A farmer in a field of poppies
A farmer works in a poppy field in Hopong, Myanmar, on February 3, 2019. © Ye Aung Thu/AFP/Getty

At the start of each planting season, U Min (not his real name) tills the soil to prepare for his new crop of opium poppy. With each strike of his hoe, he thinks about the people he must pay a “tax” to before he can take any profit for his family. 

“The first strike is for the regional police commander, the second for the ethnic armed militia patrol,” he says, “the third is for the Myanmar military, the fourth for the village administrator; the fifth is for the drug trafficking organization who issued me seed on credit; and, finally, the sixth is for me and my family.” 

This is the complex plight of opium farmers in the remote and mountainous part of the country. The terrain in this area is ideal for opium poppy cultivation and is the second-largest source of the world’s opium supply. The multibillion-dollar global drug economy breeds corruption and predatory taxation—and is extracted by both government representatives and ethnic armed organizations—while drug trafficking organizations often provide farmers their only source of income. 

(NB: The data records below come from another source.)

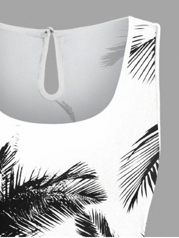 Plus Size Coconut Tree Ink Painting Print Hawaii Drawstring Pocket Romper - White - Xs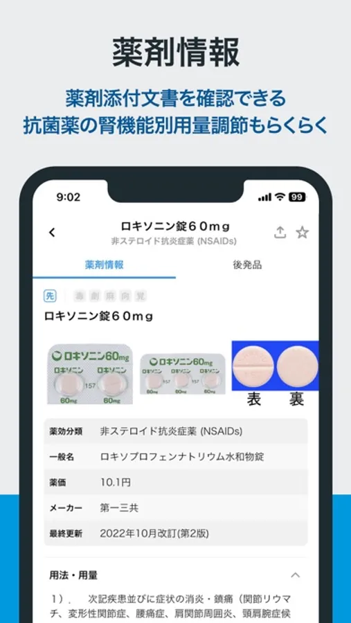 ・薬剤情報:薬剤添付文書を確認できる。抗菌薬の腎機能別用量調整もらくらく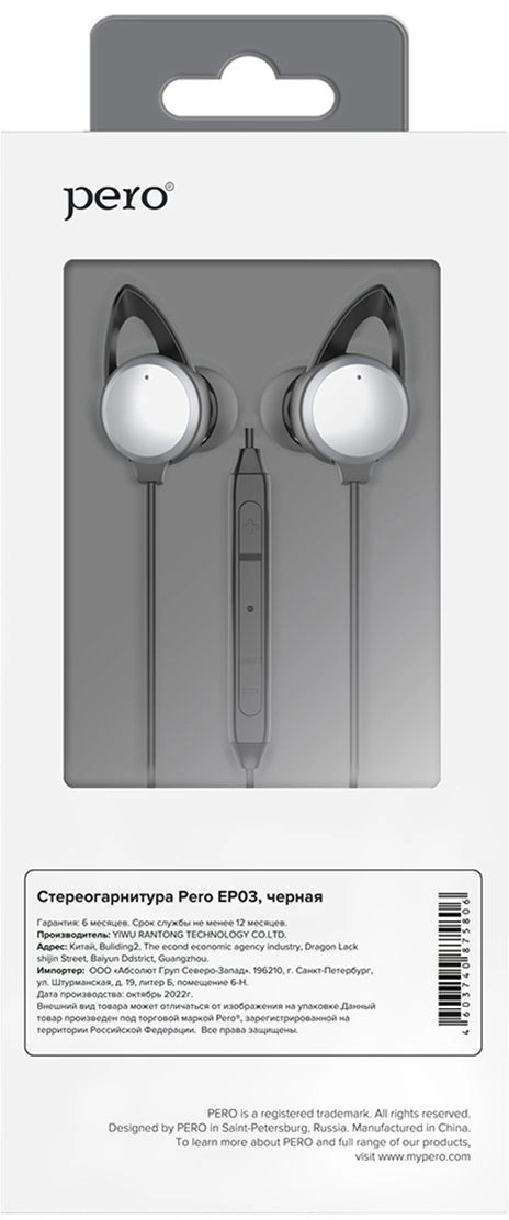 PERO EP03 имеет тканевую оплетку провода, которая препятствует запутыванию. Пульт EP03 оснащен встроенным микрофоном, а также кнопками ответа и регулировки громкости.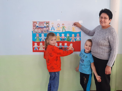 4 ноября вся наша страна отмечает День народного единства. Это праздник, который мы празднуем в память о событиях, которые происходили много-много лет назад. В 1612 году русские воины Кузьма Минин и Дмитрий Пожарский подняли народ на борьбу против врагов, захвативших нашу Родину. Благодаря единству народа в этой нелегкой борьбе, в России наступил мир! А благодарные потомки в честь этой победы воздвигли памятник этим героям. Памятник этот находится на самой главной площади нашей страны – Красной площади. Памятник так и называется: Кузьме Минину и Дмитрию Пожарскому. Как и все страны мира, все государства, существующие на земле, Россия имеет свои флаг и герб. Государственный Флаг России поднимается во время торжественных мероприятий, праздников, и в это время всегда звучит гимн Российской Федерации. Посмотрите, какой плакат у нас получился! В его изготовлении принимали участие ребята и их родители. На флаге три полосы: белая, голубая, красная. Эти цвета символизируют единство мира – земли и неба. Наш флаг называют триколором. Флаг России – триколор, полотнище в три цвета; белый цвет – березка, синий – неба цвет, красная полоска – солнечный рассвет. Взявшись за руки силуэты людей, означают, что "Мы все вместе! Мы едины!" Поздравляем всех с праздником! Счастья,добра,мира!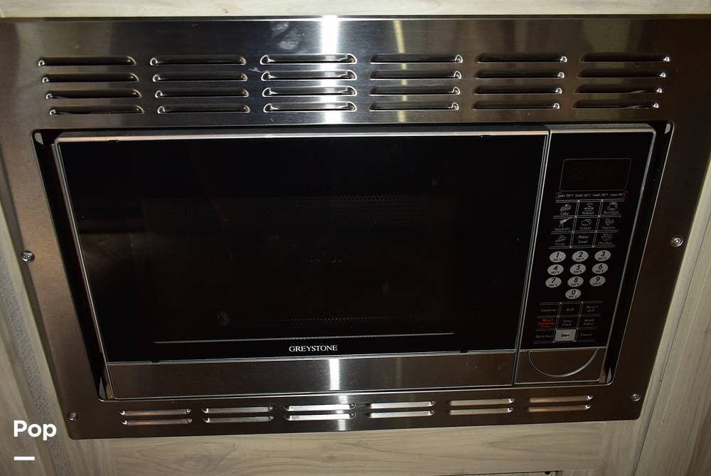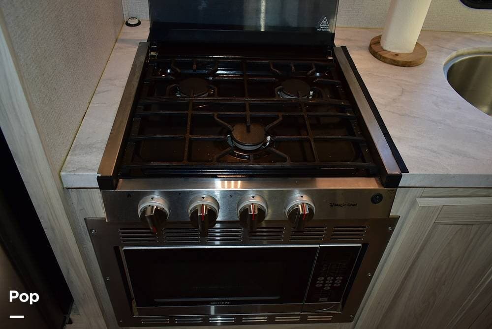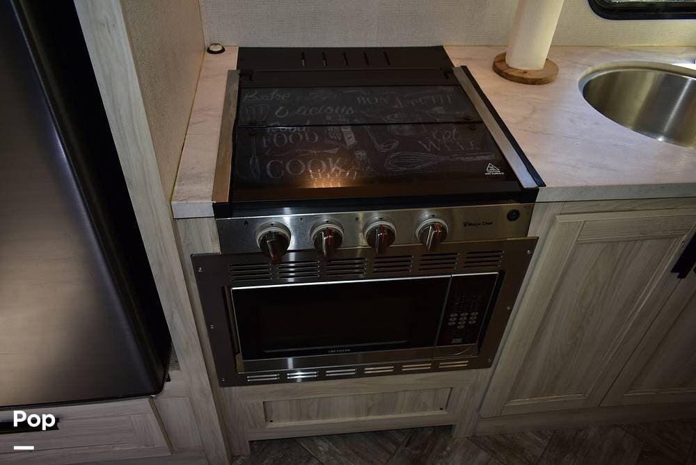 The fully equipped kitchen includes a large refrigerator, microwave, three-burner cooktop with oven, and solid-surface countertops--ideal for cooking on the road.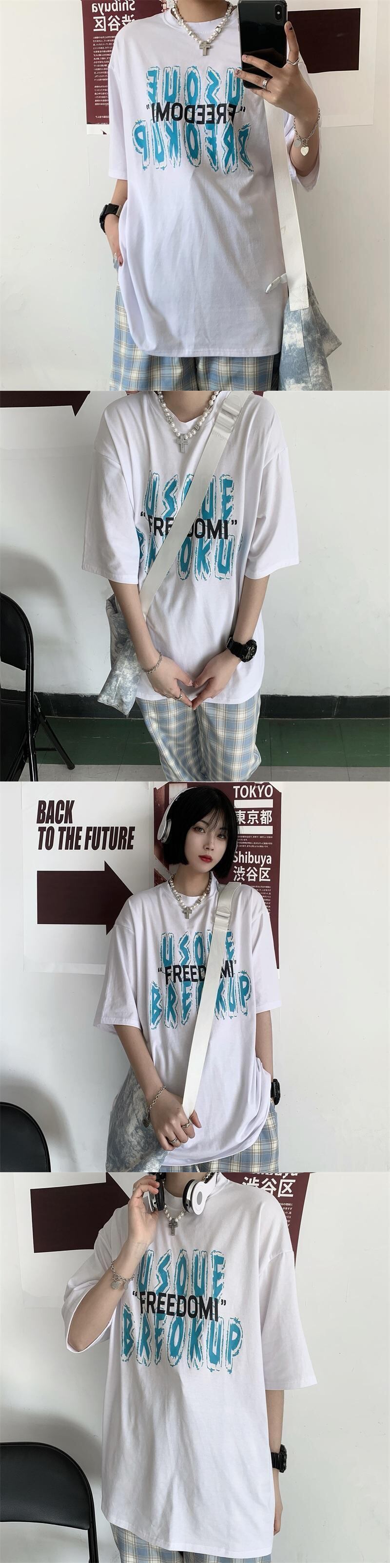 サマーダークプリントTシャツ ルーズトップス 夏物 Brother_is_Style38511198318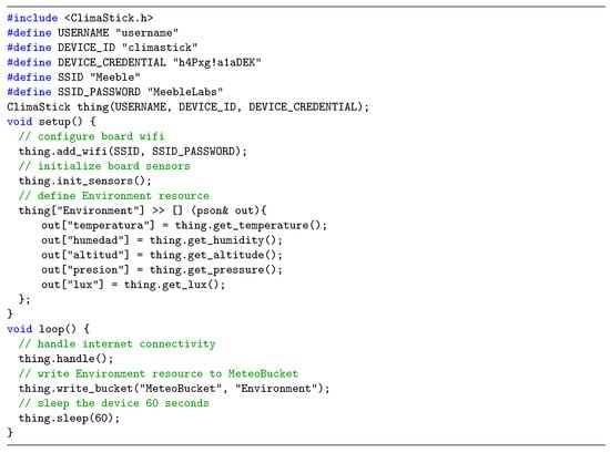 In this section, we will show how to model the behavior of physical devices so that they send the information to their corresponding data bucket. In this way, once the platform has been configured to support the connection of a new device, and a data bucket has been created to store the data, it is necessary to program the device to connect to the platform, read the information of the sensors, and write in the data bucket. The programming of the device will be done through the Arduino environment, for which it is necessary to carry out some adjustments to use the ClimaStick libraries, and allow the programming of the ESP8266 microcontroller on which it is based. This initial process is documented in detail within the platform documentation at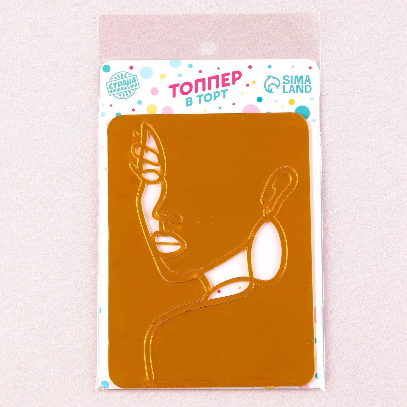 Украшение для торта "Девушка с серьгой", цвет золото, 15x11x0.5 см., Страна Карнавалия, Китай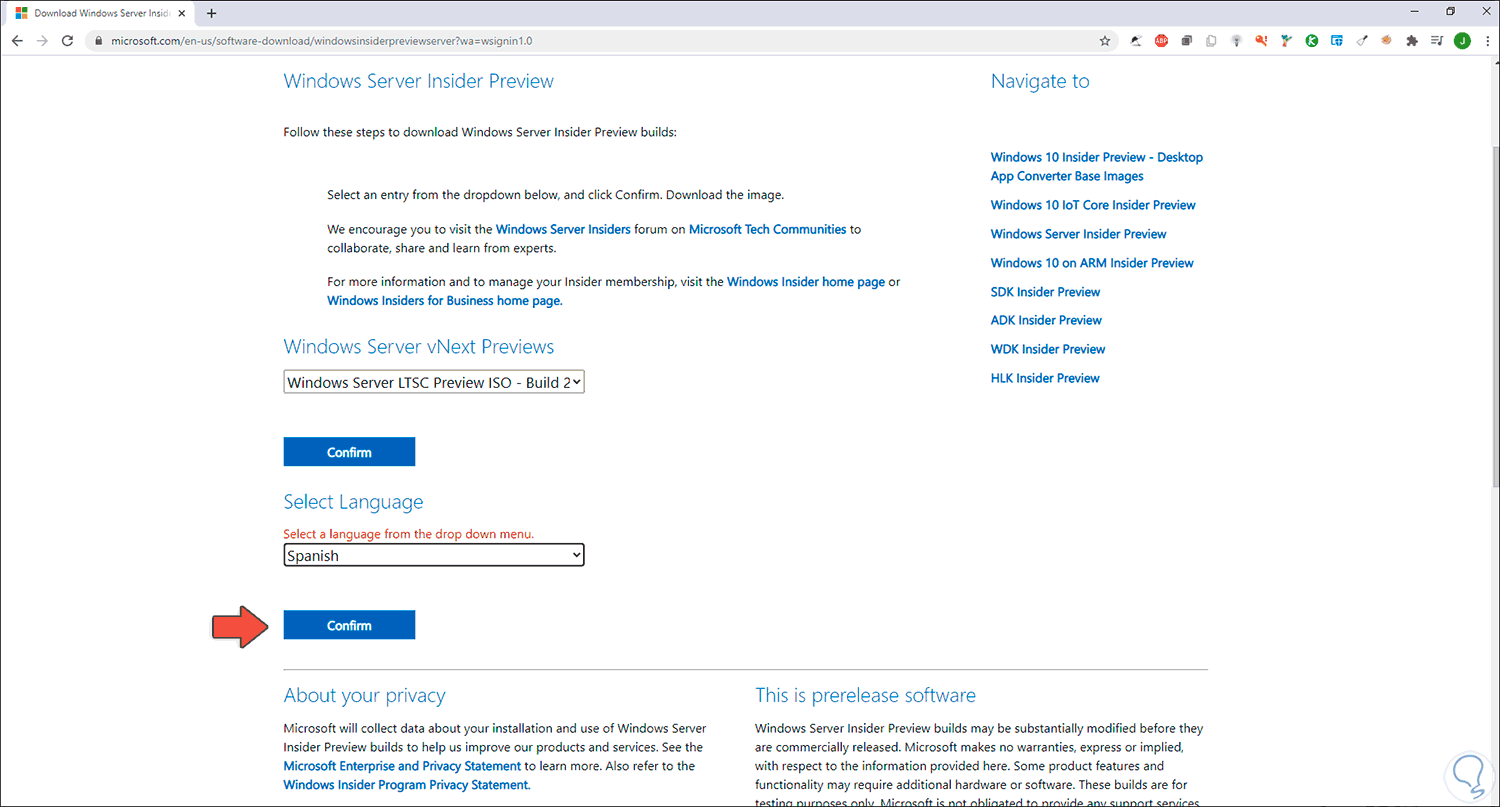Allí debemos seleccionar el tipo de imagen a descargar, en este caso Windows Server LTSC Preview y luego seleccionar alguno de los 18 idiomas disponibles:

At the bottom of this supply chain, caught in the middle of the uncertainty and violent conflict endemic in these territories, stand farmers like U Min. The meager profit left for the farmers’ own pockets is a tiny fraction of the street value of opium, whose price skyrockets once it hits the market in developed economies.

As the new report Tears of Opium Farmers: Socioeconomic and Cultural Rights Violations Faced by Opium Farmers in Shan and Kayah States, Myanmar [PDF], shows, U Min’s story is far from unusual. Drawn from the stories of more than 100 opium growers—and produced by opium farmers themselves, following an 18-month advocacy training project by Asia Catalyst, an Open Society grantee—the report illustrates that the experience of financial instability, structural poverty, and systemic corruption is widely shared.

In his speech last year to the United Nations Commission on Narcotic Drugs, Sai Lone, the lead representative of Myanmar Opium Farmers’ Forum, described a lifetime of observing government-sponsored opium eradication programs that destroyed farmer livelihoods without replacing them with viable alternatives. Such practices, he said, drove opium farmers further into poverty, even leading to suicide.

Motivated to end this heartless, irrational cycle, Sai Lone organized these largely isolated growers to know their rights and participate in government drug policy spaces previously closed off to them. The report includes recommendations to the government: regulating opium for traditional use, and implementing a far more inclusive approach to development and drug control policymaking—to ensure farmers have say in what is grown.

As Myanmar continues its futile pursuit to eradicate drugs from the country, it is imperative that the people most vulnerable to the consequences of these unilateral policies push back, constructively, in an effort to avoid further humanitarian disaster. “Please don’t consider us as criminals,” one farmer implores. “We grow opium to survive and fulfill our families’ basic requirements, not to damage society.” The world should heed her call.

Asia Catalyst is a grantee of the Open Society Foundations.